BlueLinx: A Construction Suppler with Massive Cash Reserves
BlueLinx (BXC) is a wholesaler of construction materials, mostly wood products such as lumber, siding, and plywood. What interests me, though, is the company’s enormous cash reserves. Of its $800 million market cap, nearly $500 million consists of cash, the fruit of a very profitable 2021 and 2022, which the company seems to have no idea what to do with. Obviously my suggestion would be either a massive special dividend or repurchasing of shares (the company has repurchased $120 million so far, but it could handle plenty more), but the point is that for a cash-flow-positive business with a credit facility available to cover liquidity needs, most of that cash may be considered “excess,” and can essentially be deducted from the company’s market cap when analyzing it.
In terms of financial theory, a company is basically worth the money it has plus the present value of the money it will have. Obviously a company needs to keep some cash on hand for liquidity needs or other conveniences, but the issue is one of return on assets. Ordinarily every asset inside a company is contributing to that company’s return on assets, and the attractiveness of the company depends on whether its assets exceed, equal, or fall below the investor’s required return, and since that return is invariably higher than the short term interest rate for cash, a company should try to operate with as little cash tied up as possible. However, if there is “excess” cash not needed for the company’s operations, that cash is not required to meet any return on assets hurdle, because it can (and usually should) be distributed to the shareholders. I should point out that at the beginning of 2021, the company operated with the princely sum of $82,000 in cash on its balance sheet.
So, if we reduce the company’s market cap to $310 million, are the company’s earnings adequate? I did point out that 2021 and 2022 were remarkably profitable years. In fact, the company’s net income was $300 million in each of those years, and if those results were repeated the company would have a P/E ratio of…one. However, the market recognized those results as largely exceptional, with the share price actually declining in 2022, and as the company is essentially tied to the home construction market, which is apparently in a bit of a slump right now, this is understandable.
At any rate, in 2023 sales were $3136 million, gross profit was $527 million, operating income was $138 million, net interest expense (the company only started reporting interest income and expense separately in 2024–again, not used to having lots of cash lying around) was $24 million, leaving $114 million, or $92 million after taxes.
In 2022, sales were $4450 million, gross profit was $833 million, operating income was $439 million, interest was $42 million, leaving $394 million, or $311 million after a provision for taxes.
In 2021, sales were $4277 million, gross profit was $778 million, operating income was $438 million, interest was $46 million, leaving $392 million, or $311 million again.
It is unfortunate that BlueLinx’s gross profit margins tend to decline alongside sales, but that is the nature of operating as a warehouser and distributor. However, the company has been able to reduce inventory levels by nearly 30% between the end of 2022 and 2023, freeing up an additional $140 million in cash which, although not a suitable measure of long term free cash flow generation, as I have written before does suggest that management is not unaware or unresponsive to the slow housing construction market, even though selling, general & administrative expenses haven’t declined significantly since 2022.
At any rate, for 2024 to date sales were $1494 million versus $1613 million for the first half of 2023, gross profit was $250 million versus $269 million, operating income was $52 million vs $72 million, interest expense was $24 million versus $23 million, leaving $28 million versus $39 million, or $22 million estimated net income after taxes versus $31 million for the same period last year.

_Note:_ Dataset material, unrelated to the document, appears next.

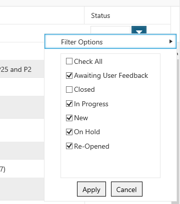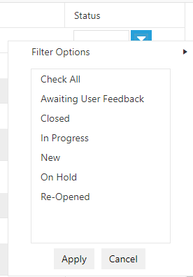 protected void RadGrid1_FilterCheckListItemsRequested(object sender, GridFilterCheckListItemsRequestedEventArgs e) { string DataField = (e.Column as IGridDataColumn).GetActiveDataField(); e.ListBox.DataSource = GetDateTable(DataField); e.ListBox.DataKeyField = DataField; e.ListBox.DataTextField = DataField; e.ListBox.DataValueField = DataField; e.ListBox.DataBind(); } public DataTable GetDateTable(string field) { string query = string.Format("SELECT DISTINCT {0} FROM Statuses WHERE Active = 1", field); // String ConnString = ConfigurationManager.ConnectionStrings["NorthwindConnectionString"].ConnectionString; SqlConnection conn = new SqlConnection(connectionStringDatabase); SqlDataAdapter adapter = new SqlDataAdapter(); adapter.SelectCommand = new SqlCommand(query, conn); DataTable myDataTable = new DataTable(); conn.Open(); try { adapter.Fill(myDataTable); } finally { conn.Close(); } return myDataTable; }<telerik:RadAjaxPanel ID="RadAjaxPanel1" LoadingPanelID="LoadingPanel1" runat="server" CssClass="grid_wrapper"> <telerik:RadGrid ID="RadGrid1" runat="server" AllowPaging="True" PageSize="20" ShowFooter="True" RenderMode="Lightweight" DataSourceID="SqlDataSource1" AllowFilteringByColumn="True" Skin="Metro" AllowSorting="True" AutoGenerateColumns="False" AllowAutomaticUpdates="false" AllowAutomaticInserts="false" OnUpdateCommand="RadGrid1_UpdateCommand" ShowStatusBar="True" FilterType="Combined" OnFilterCheckListItemsRequested="RadGrid1_FilterCheckListItemsRequested"> <GroupingSettings CollapseAllTooltip="Collapse all groups" /> <ExportSettings ExportOnlyData="true" IgnorePaging="true"></ExportSettings> <AlternatingItemStyle BorderColor="#99CCFF" /> <MasterTableView TableLayout="Fixed" DataKeyNames="ID" CommandItemDisplay="Top" AllowMultiColumnSorting="true" AllowNaturalSort="false"> <CommandItemSettings ShowAddNewRecordButton="false" ShowExportToExcelButton="true" ShowExportToWordButton="true" /> <Columns> <telerik:GridHyperLinkColumn HeaderText="Ticket ID" DataNavigateUrlFields="ID" DataNavigateUrlFormatString="~/editTicket.aspx?t={0}" DataTextField="ID" UniqueName="ID" SortExpression="ID" FilterControlAltText="Filter ID column" FilterControlWidth="70px"> <HeaderStyle Width="70px" /> </telerik:GridHyperLinkColumn> <telerik:GridDateTimeColumn DataField="dtReported" HeaderText="Date Reported" FilterControlWidth="100px" SortExpression="dtReported" EnableTimeIndependentFiltering="true" UniqueName="dtReported" PickerType="DatePicker" DataFormatString="{0:dd/MM/yyyy HH:mm:ss}"> <HeaderStyle Width="100px" /> </telerik:GridDateTimeColumn> <telerik:GridBoundColumn DataField="ReportedBy" HeaderText="Reported By" SortExpression="ReportedBy" FilterControlWidth="80px" UniqueName="ReportedBy"> <HeaderStyle Width="80px" /> </telerik:GridBoundColumn> <telerik:GridBoundColumn DataField="AssignedUser" FilterControlAltText="Filter AssignedUser column" FilterControlWidth="100px" HeaderText="Assigned To" SortExpression="AssignedUser" UniqueName="AssignedUser"> <FilterTemplate> <telerik:RadComboBox ID="RCB_AssignedUser" DataSourceID="SqlDataSource2" DataTextField="AssignedUser" DataValueField="AssignedUser" AppendDataBoundItems="true" SelectedValue='<%# ((GridItem)Container).OwnerTableView.GetColumn("AssignedUser").CurrentFilterValue %>' runat="server" OnClientSelectedIndexChanged="ResourceIndexChanged"> <Items> <telerik:RadComboBoxItem Text="All" /> </Items> </telerik:RadComboBox> <telerik:RadScriptBlock ID="RadScriptBlock1" runat="server"> <script type="text/javascript"> function ResourceIndexChanged(sender, args) { var tableView = $find("<%# ((GridItem)Container).OwnerTableView.ClientID %>"); tableView.filter("AssignedUser", args.get_item().get_value(), "EqualTo"); } </script> </telerik:RadScriptBlock> </FilterTemplate> <HeaderStyle Width="100px" /> </telerik:GridBoundColumn> <telerik:GridBoundColumn DataField="Category" FilterControlAltText="Filter Category column" FilterControlWidth="100px" HeaderText="Category" SortExpression="Category" UniqueName="Category"> <FilterTemplate> <telerik:RadComboBox ID="RCB_Category" runat="server" DataSourceID="SqlDataSource3" DataTextField="Category" DataValueField="Category" AppendDataBoundItems="true" SelectedValue='<%# ((GridItem)Container).OwnerTableView.GetColumn("Category").CurrentFilterValue %>' OnClientSelectedIndexChanged="CategoryIndexChanged"> <Items> <telerik:RadComboBoxItem Text="All" /> </Items> </telerik:RadComboBox> <telerik:RadScriptBlock ID="RadScriptBlock2" runat="server"> <script type="text/javascript"> function CategoryIndexChanged(sender, args) { var tableView = $find("<%# ((GridItem)Container).OwnerTableView.ClientID %>"); tableView.filter("Category", args.get_item().get_value(), "EqualTo"); } </script> </telerik:RadScriptBlock> </FilterTemplate> <HeaderStyle Width="100px" /> </telerik:GridBoundColumn> <telerik:GridBoundColumn DataField="Priority" FilterControlAltText="Filter Priority column" FilterControlWidth="100px" HeaderText="Priority" SortExpression="Priority" UniqueName="Priority"> <FilterTemplate> <telerik:RadComboBox ID="RCB_Priority" runat="server" DataSourceID="SqlDataSource4" DataTextField="Priority" DataValueField="Priority" AppendDataBoundItems="true" SelectedValue='<%# ((GridItem)Container).OwnerTableView.GetColumn("Priority").CurrentFilterValue %>' OnClientSelectedIndexChanged="PriorityIndexChanged"> <Items> <telerik:RadComboBoxItem Text="All" /> </Items> </telerik:RadComboBox> <telerik:RadScriptBlock ID="RadScriptBlock3" runat="server"> <script type="text/javascript"> function PriorityIndexChanged(sender, args) { var tableView = $find("<%# ((GridItem)Container).OwnerTableView.ClientID %>"); tableView.filter("Priority", args.get_item().get_value(), "EqualTo"); } </script> </telerik:RadScriptBlock> </FilterTemplate> <HeaderStyle Width="100px" /> </telerik:GridBoundColumn> <telerik:GridBoundColumn DataField="Subject" HeaderText="Subject" SortExpression="Subject" FilterControlWidth="200px" UniqueName="Subject"> <HeaderStyle Width="250

Furthermore, depreciation exceeded capital expenditures by $7.6 million when historically they have tracked each other more closely, which is a source of additional free cash flow, not to mention a small further reduction in inventory.
So, if in a slump in the housing construction market the company is still able to produce, say, $50 million in free cash flow, that looks like a fairly anemic return against a market cap of $800 million but really quite impressive for a market cap of $310 million. And if the company is agile enough to take advantage of a resurgence in the market, as they were in 2021 and 2022, there may be other significant earnings windfalls in the future. However, I am not sure whether the housing industry in the United States has really reached its nadir, or whether the company enjoys a substantial competitive advantage against any competitors, so I would conclude it to be an attractive candidate for investment but not an unqualified buy.